Erika's Calling to India

Cows brought me to India. In 1995, when my family travelled to Udaipur Rajasthan as ordinary American tourists, the sight of cows wandering peacefully through the lanes touched me to the core with their beauty, serenity and grace. I’d never imagined seeing cows intermingling with dogs, birds, shopkeepers and neighbors. I loved watching them nab a carrot here or gently accept a chapati there. But as time passed and the use of plastic bags exploded, the wandering cows were eating fewer vegetables and more plastic.

 

 

Today, more than 20 years have passed since those first dreamy encounters with cows. I love them even more now, but I understand problems they face more vividly than I did back then.

The Sorry Tale of the Milch Mammal 

Many people who are sensitive to animals’ needs understand that the industrial dairies—the big sheds with their concrete floors and cows perpetually held captive by chains, their babies taken every year—are disastrous for the happiness of cows. Most of the cow’s milk in India comes from dairy businesses in which multiple cows are “processed” in an assembly line in order to maximize milk production. These processes include being chained in a line in front of a feed trough; being impregnated annually using sperm collected from a particular bull which is pumped into the cow’s vagina by an (often painful) syringe. Assembly-line milk production requires the removal and disposal of the male calf (killing, skinning, butchering and exporting the meat) and the separation of the female calf from the mother so that she is sure not to drink any of the milk intended for sale.

 

 

But do we tie up family members? Do we remove the babies from the mothers? 
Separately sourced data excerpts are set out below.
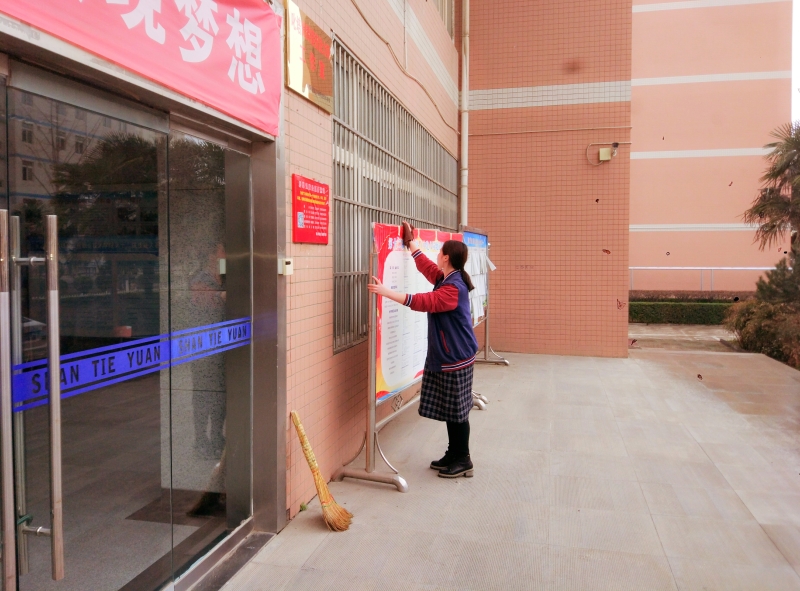 员工党员擦拭宣传栏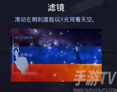 滤镜滑动左侧刻度能以可见光/X波段/红外波段观看天空。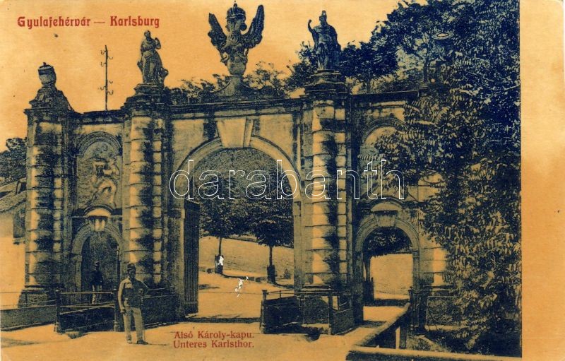 Gyulafehérvár, Karlsburg, Alba Iulia; Alsó-Károly kapu / castle gate ... https://www.darabanth.com/de/328-Fernauktion/328.0/Ansichtskarten/Siebenburgen~2000006/Gyulafehervar-Karlsburg-Alba-Iulia-Also-Karoly-kapu-castle-gate-fl~II1828978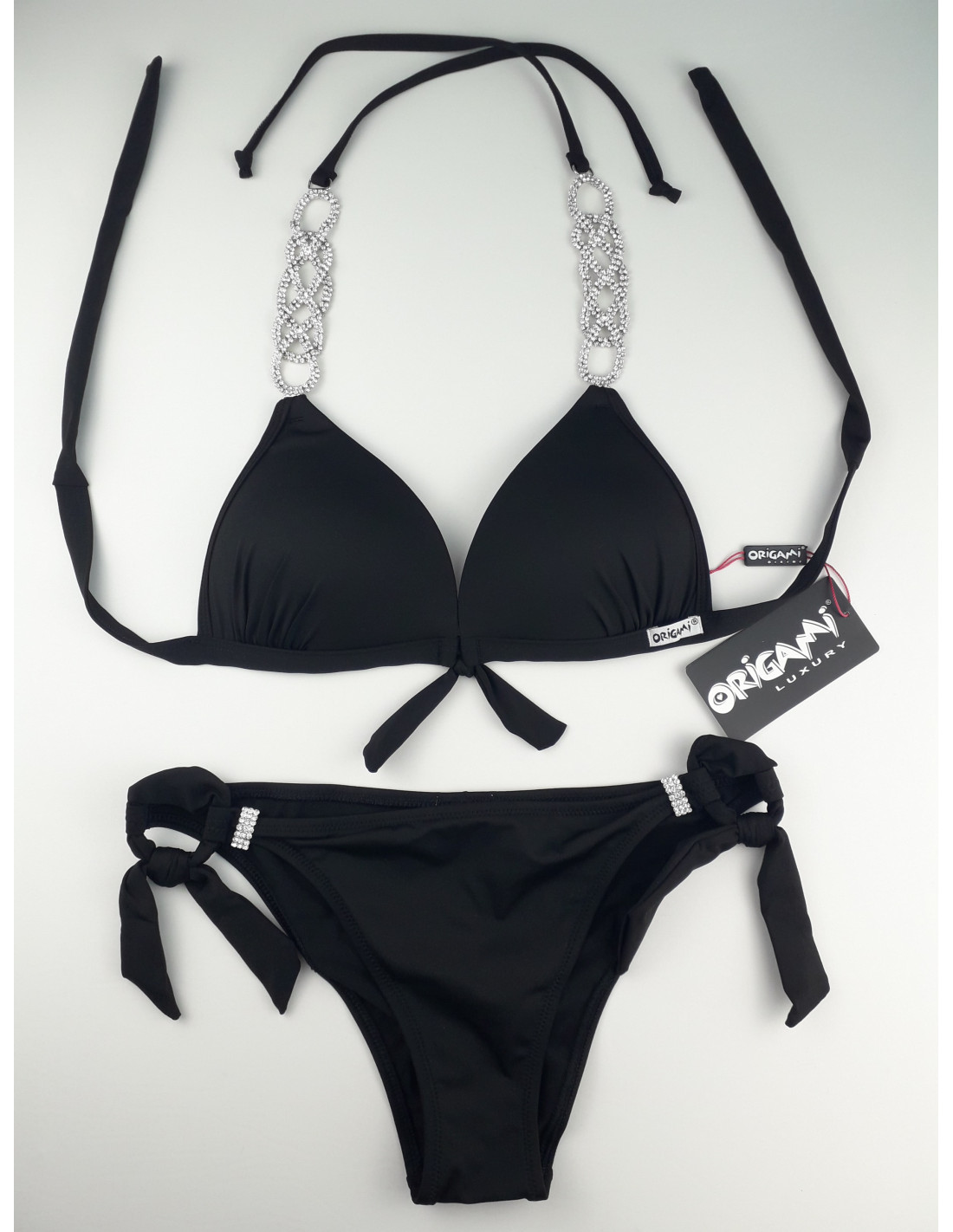 Origami Bikini C-cup triangle bra → Push-up moulded cup, tied at the neck and back, adjustable middle. Decorated with beautiful accessories at the necktop. Always check the bottom size of the top made for it when selecting the size, as it may differ in some cases!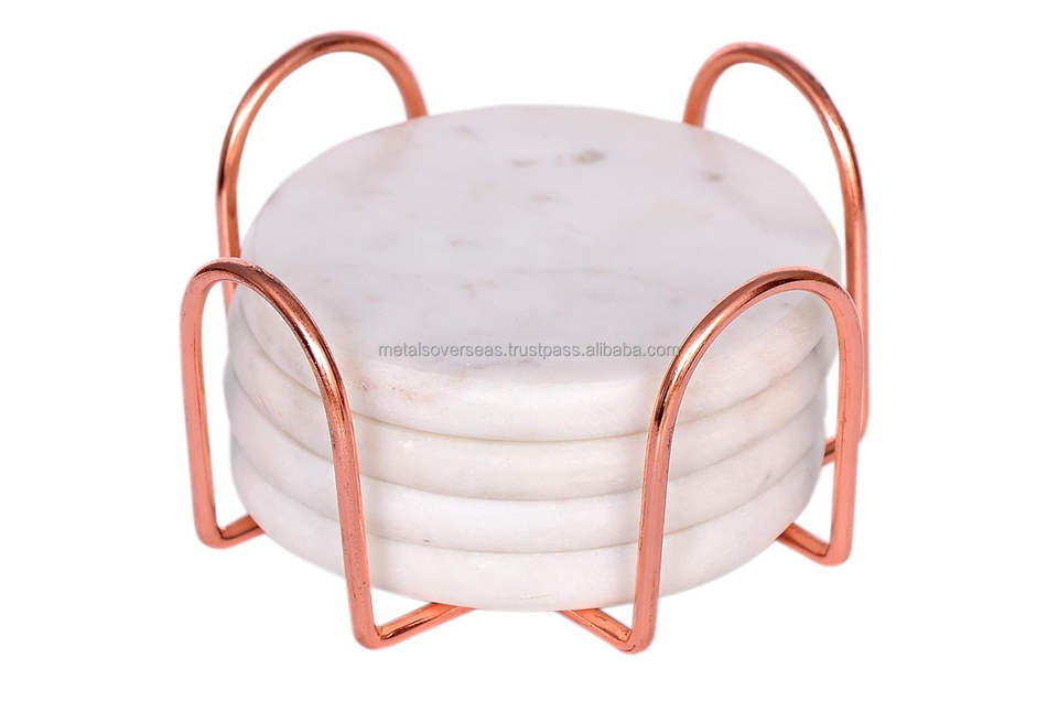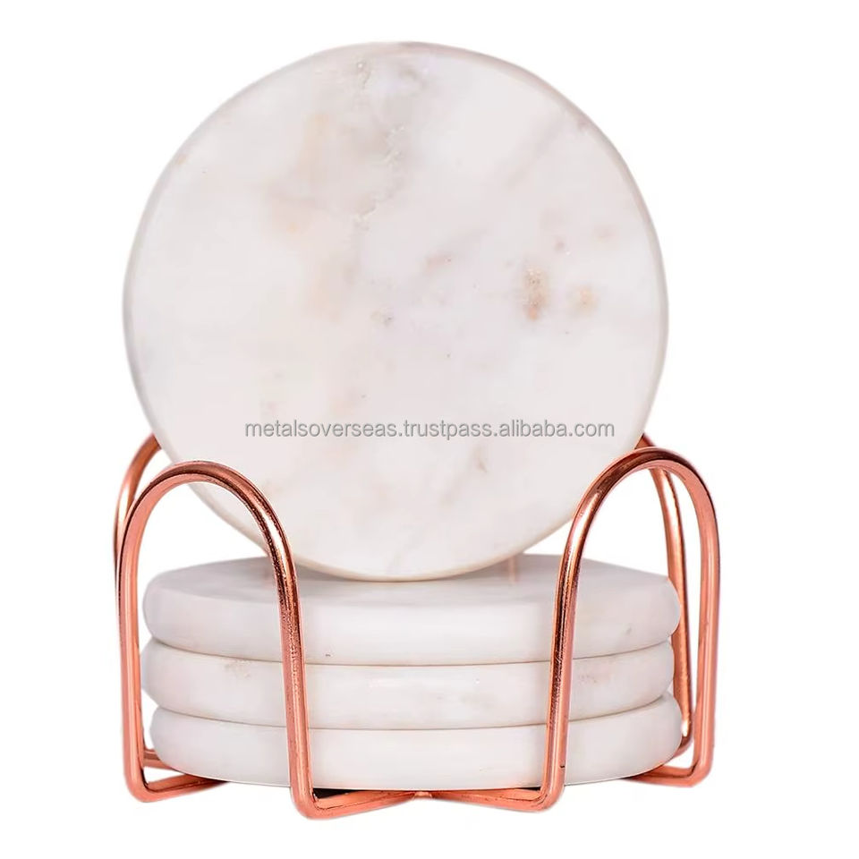 Posavasos de Mármol Blanco Personalizados, Juego de Posavasos con Soporte de Cobre en Blanco, Posavasos para Bebidas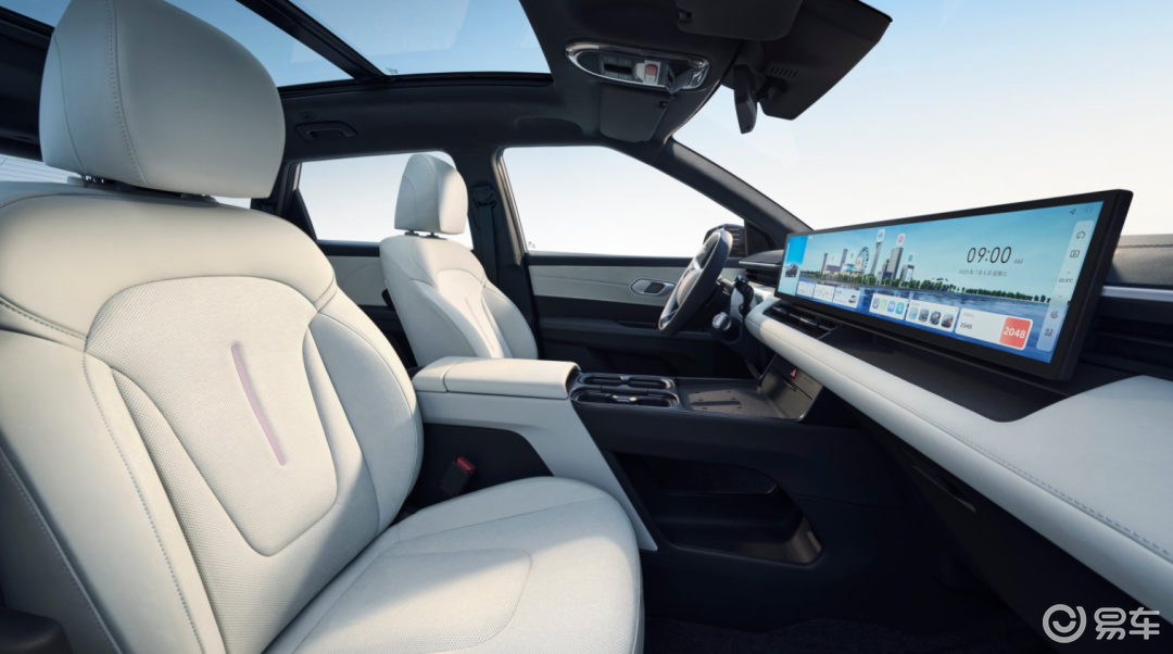 羿欧EO座舱最显著的特征是搭载了27英寸一体式双联屏,配合高通骁龙8295P车规级芯片,为信息娱乐系统提供了充足的运算能力。屏幕采用超薄设计,配合可将行车信息投影至前挡风玻璃的HUD抬头显示系统,共同构建了兼顾娱乐性与安全性的驾乘环境。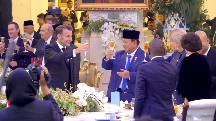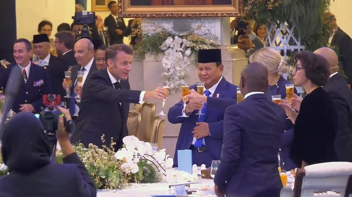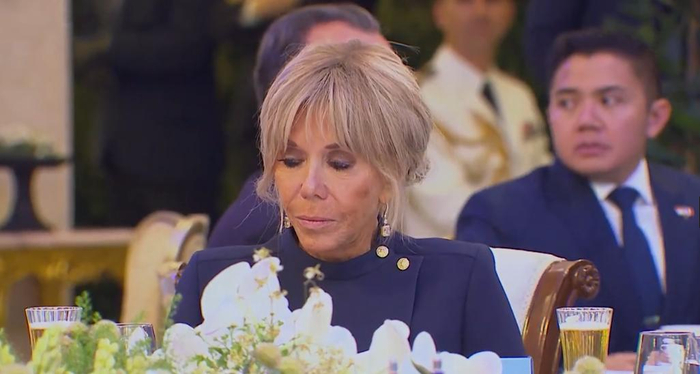 尤其是在国宴开始期间,法国总统马克龙在国宴上发表讲话之后,就是敬酒环节,当然了以马克龙的身份,能够让马克龙敬酒的也只有印尼总统了,可是让人意外的是马克龙为了给夫人更高的敬意,给印尼总统敬酒之后,马克龙还向夫人敬酒了。可以看出法国夫人也是超级开心,自己的学生还是自己的丈夫能够这么尊重她,也让法国夫人此生无憾了。

I often hear people say “but cows in the villages are well cared for, like family members.” Sometimes people even idealize the situation of the individual cows who live with families in the inner cities. There are millions of cows tied in dark rooms behind inner city houses across India. The family may have kept a cow or two for generations. When Dadiji was a girl, the areas which are today part of urban sprawl were villages. A captive cow used to wander for hours at a time. That’s not possible now—at least not without eating kilos of plastic and the risk of being hit by a car.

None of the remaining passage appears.